Compsolechia tetrortha

Scientific classification
- Kingdom: Animalia
- Phylum: Arthropoda
- Clade: Pancrustacea
- Class: Insecta
- Order: Lepidoptera
- Family: Gelechiidae
- Genus: Compsolechia
- Species: C. tetrortha
- Binomial name: Compsolechia tetrortha Meyrick, 1922

= Compsolechia tetrortha =

- Authority: Meyrick, 1922

Species of moth

Compsolechia tetrortha is a moth of the family Gelechiidae. It was described by Edward Meyrick in 1922. It is found in Peru and Amazonas, Brazil.

The wingspan is about 12 mm. The forewings are grey, sometimes irregularly sprinkled with whitish and with cloudy blackish dots beneath the costa near the base and at one-fifth. There is an oblique blackish streak from near the dorsum at one-sixth crossing the fold. The stigmata are obscure, cloudy and blackish grey, the discal approximated, the plical rather before the first discal.
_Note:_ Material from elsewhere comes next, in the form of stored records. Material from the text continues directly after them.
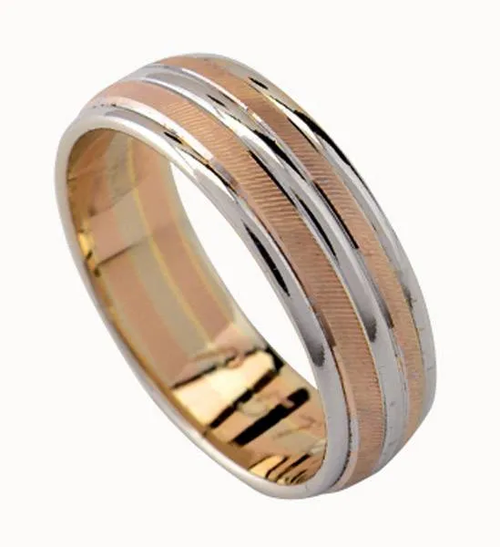 Kombinacija zlata, bijelo-crveno. Širina prstena je 6 mm (1,1-1,35-1,1-1,35-1,1). Moguća je izrada i u drugim kombinacijama boja (žuto-bijelo, žuto-crveno) ili u jednoj boji. Cijena na upit.
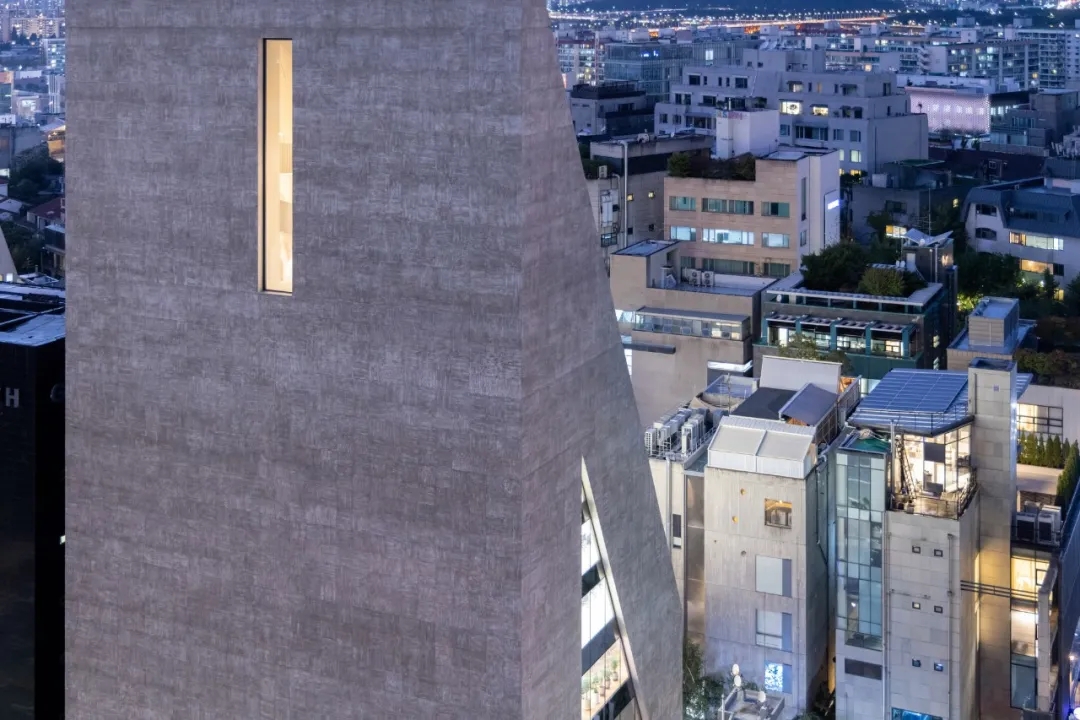 项目所在场地位于岛山大路(Dosan Daero)的最高点。岛山大路是一条穿过首尔南部清潭洞区域的主要交通轴线,以其坐落于这条路上的国际品牌旗舰店、餐厅及酒吧而出名。虽然这片区域主要由两或三层的建筑组成,但是土地使用分区规则规定,允许靠近主街道的建筑有更高的密度。在土地分区规定、区域快速转变以及岛山大路致密化的催化下,各种有着不同体量的建筑接踵而出,装饰着这条交通要道的立面。
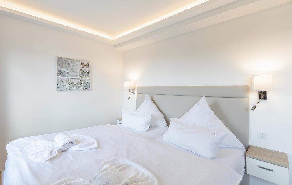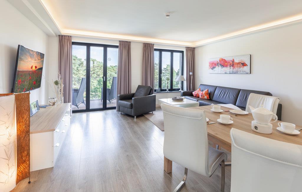 Auf über 75 m2 ist hier Platz für die ganze Familie. Mit zwei Schlafzimmern und zwei Bädern - eines davon mit Badewanne - ist es auch perfekt geeignet für befreundete Paare geeignet, die gemeinsam verreisen. Vom großen Balkon aus können Sie einen schönen Blick auf die nur wenige Meter entfernte Ostsee mit ihrem fast karibisch anmutenden türkisen Wasser genießen. Die Wohnung liegt am Ende dieses denkmalgeschützen Gebäudeteils, so dass sie sowohl nach Osten zum Meer als auch nach Westen zum Inselinneren hin Fensterfronten hat und somit besonders hell und lichtdurchflutet ist. Vom Master-Schlafzimmer aus haben Sie direkten Zugang zum Balkon und können morgens so direkt als erstes die Panoramaaussicht genießen. Auch vom großzügigen Wohn/Essbereich aus können Sie den Balkon betreten.
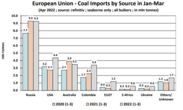 以煤炭进口来源而言,欧盟海运煤炭过去以及现在仍然严重依赖俄罗斯。
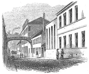 On 23 May 1823, a second S&DR Act received Assent with the Stephensons' deviations from the original route and permission for the use of "loco-motives or moveable engines".[29] In June 1823 the Stephensons and Pease opened Robert Stephenson and Company at Forth Street in Newcastle to build these locomotives, Pease lending Robert £500 so he could buy his share. As George was busy supervising the building of the railway, Robert was placed in charge of the works with a salary of £200 per annum. Robert also surveyed the route and designed the Hagger Leases branch, which was planned to serve the collieries at Butterknowle and Copley Bent. A new Act was required for the line, and Robert stayed in London for five weeks while the bill passed through its parliamentary process, Assent being given in May 1824.[30] The S&DR ordered two steam locomotives and two stationary engines from Robert Stephenson & Co. on 16 September 1824,[31] and the railway opened on 27 September 1825.[32][33]

There is a nearly straight fine whitish line from four-fifths of the costa to the tornus, preceded by a fascia of brownish suffusion (with slight pinkish tinge) expanded and becoming dark fuscous towards the costa. Between this and the termen, the ground colour is more or less ochreous or brownish, with four well-marked black dashes, the uppermost thickest, between and sometimes around these more or less whitish suffusion. The hindwings are dark fuscous and the submedian fold in males is filled with long grey hairs.